MATERIAL PROVIDED |
Start of Block
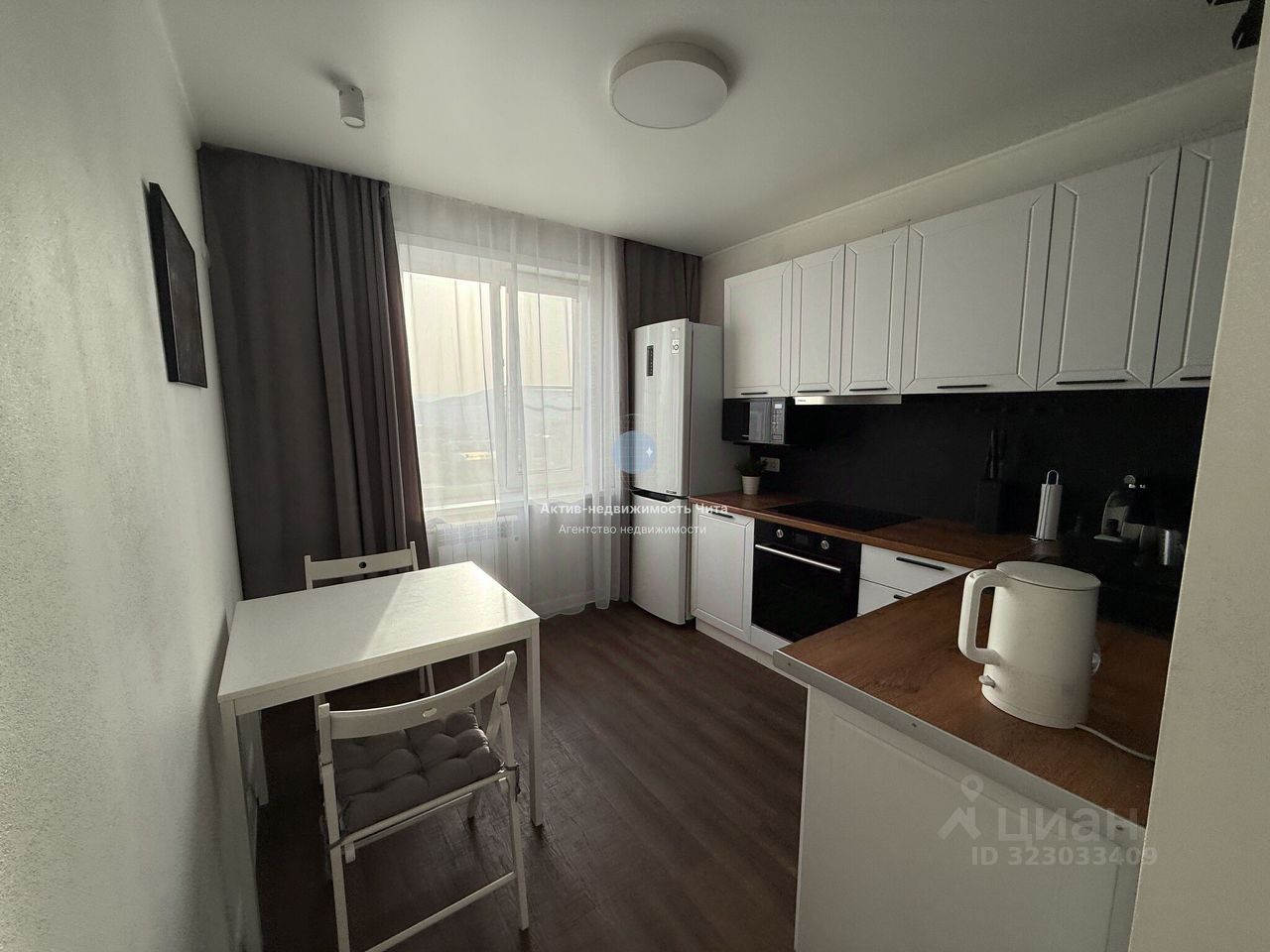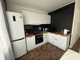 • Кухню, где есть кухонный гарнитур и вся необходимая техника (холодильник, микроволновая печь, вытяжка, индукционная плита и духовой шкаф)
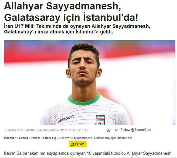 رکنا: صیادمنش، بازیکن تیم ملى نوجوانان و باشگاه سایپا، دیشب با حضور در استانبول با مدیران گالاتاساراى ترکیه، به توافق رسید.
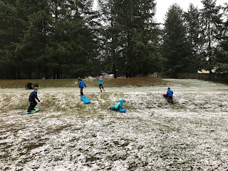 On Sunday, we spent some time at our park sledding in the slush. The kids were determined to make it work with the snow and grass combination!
End of Block
WORK TO COMPLETE |
What you need to retype is every line from the one that has "رکنا: صیادمنش، بازیکن" through the last line of the listing, both included, with the pictures left out.

RESULT BELOW |
 رکنا: صیادمنش، بازیکن تیم ملى نوجوانان و باشگاه سایپا، دیشب با حضور در استانبول با مدیران گالاتاساراى ترکیه، به توافق رسید.
 On Sunday, we spent some time at our park sledding in the slush. The kids were determined to make it work with the snow and grass combination!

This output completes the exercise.